13.08.2013FDPFinanzpolitik

LINDNER-Interview für die "Kieler Nachrichten"

Berlin. Der stellvertretende FDP-Bundesvorsitzende CHRISTIAN LINDNER gab den "Kieler Nachrichten" (Dienstag-Ausgabe) das folgende Interview. Die Fragen stellte DIETER WONKA:

Frage: Ist politische Erpressung à la Maut-Seehofer für einen Koalitionspartner akzeptabel?

LINDNER: Das verbuche ich unter bayerischer Folklore im Sommer. Horst Seehofer hat schon manches beschlossen, was zuvor angeblich nur über seine Leiche ging. Er ist aber offensichtlich putzmunter. Als Ministerpräsident müsste er wissen, dass auch deutsche Autofahrer eine Maut zahlen müssten.

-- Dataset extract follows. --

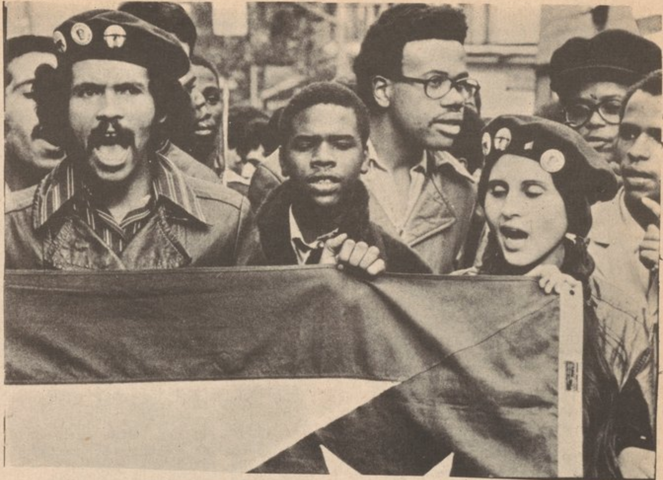
On October 30, 1970, 10,000 people, many students and youth, marched to the U.N. demanding liberation of Puerto Rico.

By the 1960's, the U.S., which had already been defeated in Korea, was unable to stop the victorious advance of the revolutionary masses of Cuba and had begun its military aggression in Indochina and the Middle East. As an imperialist power the U.S. was beginning to lose many of its "possessions" and headed towards one of its worst crises ever. Domestically, the imperialists were faced with a worsening economic

Eine Pkw-Maut wird die FDP nicht mittragen.

Frage: Was spricht gegen eine allgemeine Pkw-Maut für alle?

LINDNER: Die Politik kann erst dann glaubwürdig über neue Modelle nachdenken, wenn alle Mittel aus der Lkw-Maut und aus der Mineralölsteuer tatsächlich zu 100 Prozent für die Verkehrswege zur Verfügung stünden. Wenn es dann nicht reicht, kann man neu nachdenken. Seehofers Pkw-Maut ist eine kreative Idee, den Bürgern noch tiefer in die Tasche zu greifen. Ich befürchte, dass nach der Einführung der PKW-Maut nach und nach staatliche Mittel für den Verkehrshaushalt gekürzt würden.

Frage: Unions-Fraktionschef Kauder erklärt schon jetzt die Mehrwertsteuer für unreformierbar, auch für die nächste Regierung. Ist das katastrophaler Kleinmut?

LINDNER: An der FDP würde eine grundlegende Reform und Vereinfachung des Mehrwertsteuer-Systems nicht scheitern. Bundesfinanzminister Schäuble ist am Zug. Unabhängig davon zeigt sich: Die FDP ist als Kompass und Motor einer Koalition unverzichtbar, sonst legen die Partner die Hände in den Schoß. Selbstzufriedenheit ist der erste Schritt zum Verlust der Stärke Deutschlands.

Frage: Was erwarten Sie von der nächsten Koalition?

LINDNER: Die nächste Regierung muss bis 2017 historische Weichenstellungen leisten. Der Staat muss aus der Abhängigkeit der Kapitalmärkte befreit werden, ohne dass dazu Steuern erhöht werden. Das setzt also mehr Disziplin bei den Staatsausgaben voraus, als die Union sie in ihrem Wahlprogramm gezeigt hat. Die Energiewende muss neu gestaltet werden: Mehr marktwirtschaftliche Instrumente, statt teurer Photovoltaik-Förderung, mit der die Grünen über die Stromrechnung von der Rentnerin zu grünen Lobbys umverteilen. Und wir brauchen genügend Fachkräfte, durch gute Bildungspolitik und durch ein modernes Zuwanderungsrecht.

Frage: Angela Merkels Wahlkampf steht eher für eine Stillstands-Republik. Rundum ist Europa aber in reformerischer Bewegung. Läuft Deutschland Gefahr, sich zu sehr und zu lange auf der Reformpolitik der Agenda 2010 auszuruhen?

LINDNER: Das ist eine Gefahr. Die Union verspricht im Wahlprogramm zusätzliche Ausgaben von 30 Milliarden Euro. Das ist nicht seriös und ein falsches Signal nach Europa: Dort predigen wir die Stabilität und bei uns kommen die Spendierhosen in Mode.

Frage: Wieso wollen Sie vorab einen unumstößlichen Parteibeschluss, dass die FDP nach der Wahl für eine Ampel definitiv nicht zur Verfügung steht?

LINDNER: Sozialdemokraten und Grüne sind heute fixiert auf mehr Staat, mehr Gleichheit, mehr Bevormundung. Das sind nicht mehr die Parteien der Agenda 2010. Wir stehen für Freiheit, Eigenverantwortung und Freude an Leistung. Sowohl bei den Projekten als auch bei den Mentalitäten liegen Welten insbesondere zwischen Grünen und FDP.

Frage: Läuft die SPD Gefahr, auf Jahre hinaus im Bund regierungsunfähig zu werden?

LINDNER: Die SPD agiert mindestens verantwortungslos. In der Datenaffäre hat SPD-Chef Gabriel der Kanzlerin faktisch Landesverrat vorgeworfen. Gabriel vergiftet den Brunnen, aus dem alle Demokraten trinken. Mit solchen Äußerungen disqualifiziert man sich.